Im Laufe einer Ausbildung zum Koch lernt man unzählige Zutaten und Techniken kennen. Man möchte zeigen, was man alles gelernt hat. Ein wenig angeben – möchte man doch beim Gast einen Eindruck von Exklusivität erwecken. Je länger man den Beruf ausübt, desto mehr kommt man dann zur Einsicht, dass weniger mehr sein kann. Doch, je weniger Zutaten am Teller, desto phänomenaler müssen diese sein. Als Koch hat man dann weniger die Möglichkeit zu zeigen, welche Techniken man gelernt hat, man muss die Zutat, das Lebensmittel, in den Vordergrund stellen. Und so habe ich die Liebe zum Brot entdeckt. Drei Zutaten, welche die Welt seit jeher begeistern: Mehl, Wasser, Salz. Deshalb wird über eine lange Teigführung das Brot bei uns auf Gut Mariendol selbst gebacken und spielt am Tisch eine wichtige Rolle, wenn nicht sogar die wichtigste.

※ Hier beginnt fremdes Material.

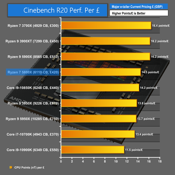 Cinebench-weighted performance value shows a reasonable offering from the Ryzen 7 5800X. Intel’s £20 more expensive and slightly faster Core i9-10850K offers a similar level of value, but the Core i7-10700K does not keep trend.

Ein weiteres großartiges Beispiel von Einfachheit und trotzdem Grandiosität ist das Ei. Die Bandbreite der Einsatzmöglichkeit erscheint unermesslich. Vom klassischen Frühstücksei hin zu süßen Backwaren, in Saucen und vor allem auch in unserer handgefertigten Teigware – unsere Pasta. Schon vor Jahren war es uns wichtig, eigene Hühner zu haben und zu wissen wie sie aufwachsen und leben. Ein schönes Gefühl, in den Stall zu gehen und frische Eier abzunehmen. Ein Gefühl, das mich auch an meine Kindheit erinnern lässt.
Ich habe mich dazu entschieden, in unserem kleinen Restaurant genau ein sorgfältig zusammengestelltes Menü anzubieten. Ein Menü ist jedoch mehr als nur ein Stück Papier; es ist eine Geschichte über den Koch, darüber, was der Gast empfinden soll; ein Ausdruck meiner Gedanken, mein Verständnis über Essen. Da gibt es dann nichts zu verstecken. Ich bin der Mensch der ich bin. Er steht auf dem Menü in schwarz und weiß – als Ausdruck dessen, wie ich mein Menü schreibe, welche Kompositionen ich verwende und wie ich meine Gerichte gestalte.
Ich hoffe, Sie fühlen sich wohl bei uns!